Yea, Dexos 2 is meant to be a low ash oil so it wouldn't cause premature DPF failure, which won't affect you anyway, but the additive package for a diesel oil is different than one for a gas engine oil. Will it cause immediate problems? No, but I would probably get it swapped back out as soon as you can. Also, since your filter fell off you don't really have to run Dexos 2, you can run any diesel oil that is the right weight and it will have the proper additives for you.
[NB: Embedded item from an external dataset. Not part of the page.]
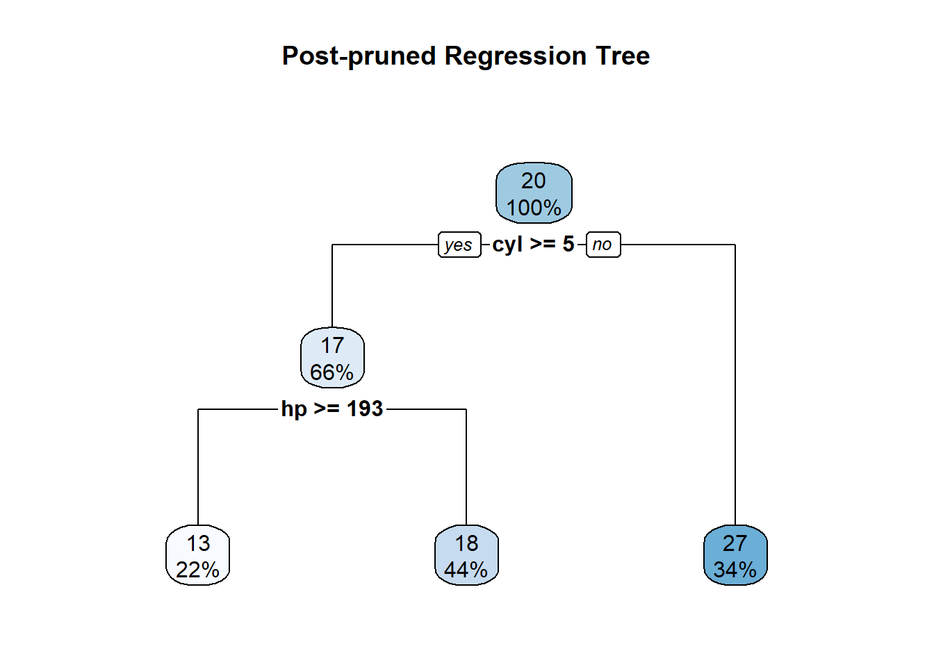 rpart.plot(pruned_tree, main = "Post-pruned Regression Tree")

Any API rated CK-4 5w-30 should work.


----------



## Shroomie (Jan 16, 2017)

I would've blamed myself before admitting I listened to the autozone guy 🤣🤣 you crack me up


----------



## Renwo (Jan 29, 2014)

Was able to find some Pennzoil Platinum Euro L Dexos2 for Benz and BMW at Wal-Mart of all places. Didn't bother switching out the filter again so I got a slight blend of whatever Dexos 1 was left in the filter.


----------



## snowwy66 (Nov 5, 2017)

Not a good idea to only do a partial change.


----------



## Renwo (Jan 29, 2014)

snowwy66 said:


> Not a good idea to only do a partial change.
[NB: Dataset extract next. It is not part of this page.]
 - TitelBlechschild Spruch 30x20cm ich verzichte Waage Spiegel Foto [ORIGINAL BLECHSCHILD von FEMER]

Too late now, 1/4-1/2 quart from the filter has been blended.


----------



## Thebigzeus (Dec 2, 2018)

Renwo said:


> Too late now, 1/4-1/2 quart from the filter has been blended.


It's fine.


----------



## snowwy66 (Nov 5, 2017)

Next time pull the filter and at least drain it. 😊


----------



## Renwo (Jan 29, 2014)

snowwy66 said:


> Next time pull the filter and at least drain it. 😊


Thank you for the suggestion. Pulling the filter is the biggest pain in the ass. You have any tips? I'm going from top behind the alternator.


----------



## MP81 (Jul 20, 2015)

Renwo said:


> Thank you for the suggestion. Pulling the filter is the biggest pain in the ass. You have any tips? I'm going from top behind the alternator.


That's the best way I've found to go about it. Do you still have the drain/gutter in place?


----------



## boraz (Aug 29, 2013)

Renwo said:


> Thank you for the suggestion. Pulling the filter is the biggest pain in the ass. You have any tips? I'm going from top behind the alternator.
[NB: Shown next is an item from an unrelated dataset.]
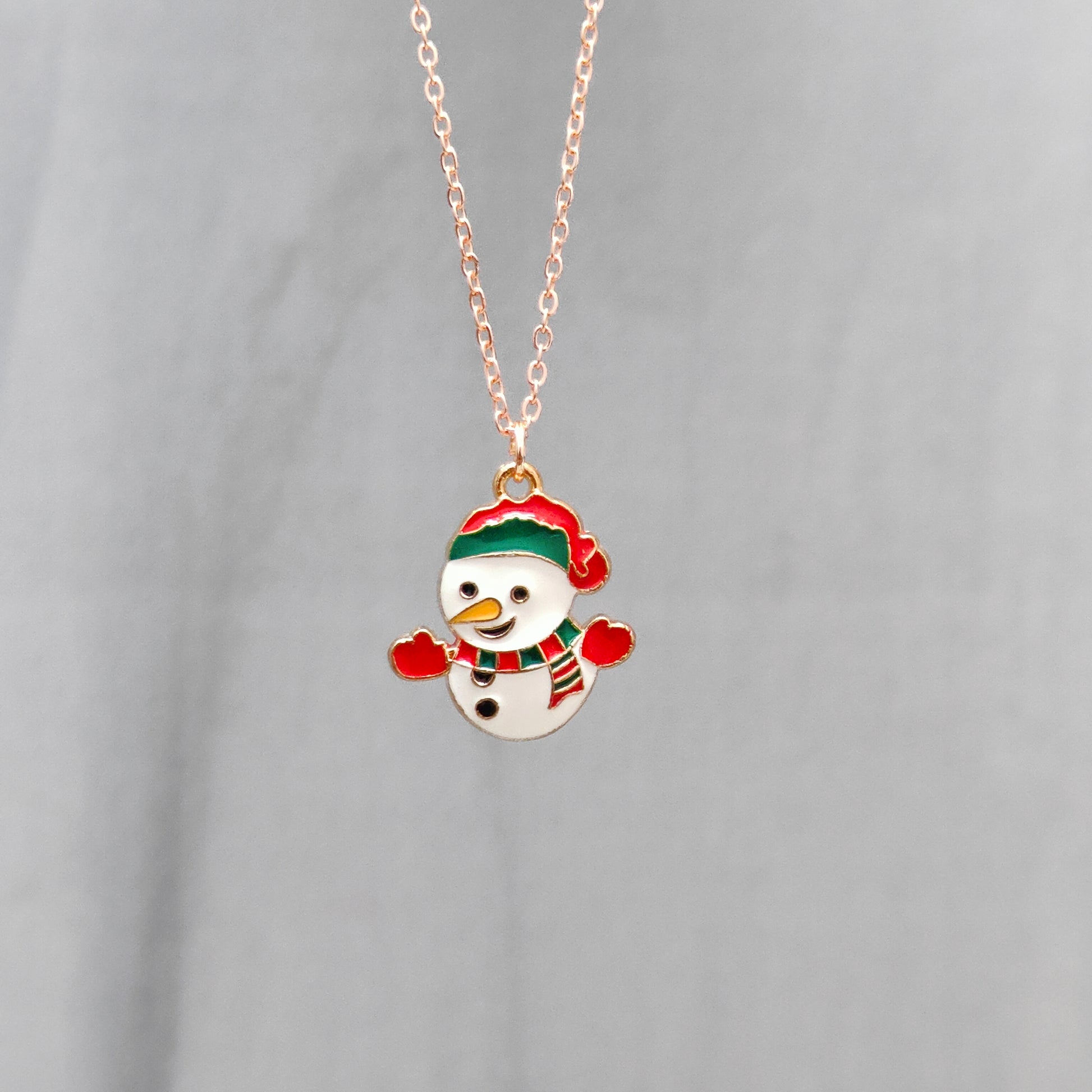 Happy Snowman Rose Golden Christmas Pendant Set (Necklace & Earrings)

i have spill pads from work, puppy pee pads work as well

drain oil
from the top place pad under filter in the control arm, make a bowl

undo filter pull from top, gather up pad pull from top

no mess


----------



## MP81 (Jul 20, 2015)

boraz said:


> i have spill pads from work, puppy pee pads work as well
> 
> drain oil
> from the top place pad under filter in the control arm, make a bowl
> ...


Since our drain/gutter is sitting in the box I put it in after I grabbed it from off of the aeroshield, after it took out our CV Boot, I bought a form-a-funnel and that worked real well the last time. Was able to shove it up underneath and have it drain out and into the drain pan.


----------



## Renwo (Jan 29, 2014)

MP81 said:


> That's the best way I've found to go about it. Do you still have the drain/gutter in place?


Yep, I do.


----------



## MP81 (Jul 20, 2015)

Renwo said:


> Yep, I do.


Okay, that should help then, provided you have the vehicle level and not just lifted in the front...cause then it doesn't drain out the hole.


----------



## pavulon (Aug 23, 2016)

I've resigned myself to pulling the passenger side wheel for easy-ish access to the oil filter housing.


----------



## BDCCruze (Jul 12, 2017)

The manager of AutoZone is an idiot.

Go back and show him this website and tell him you want a refund.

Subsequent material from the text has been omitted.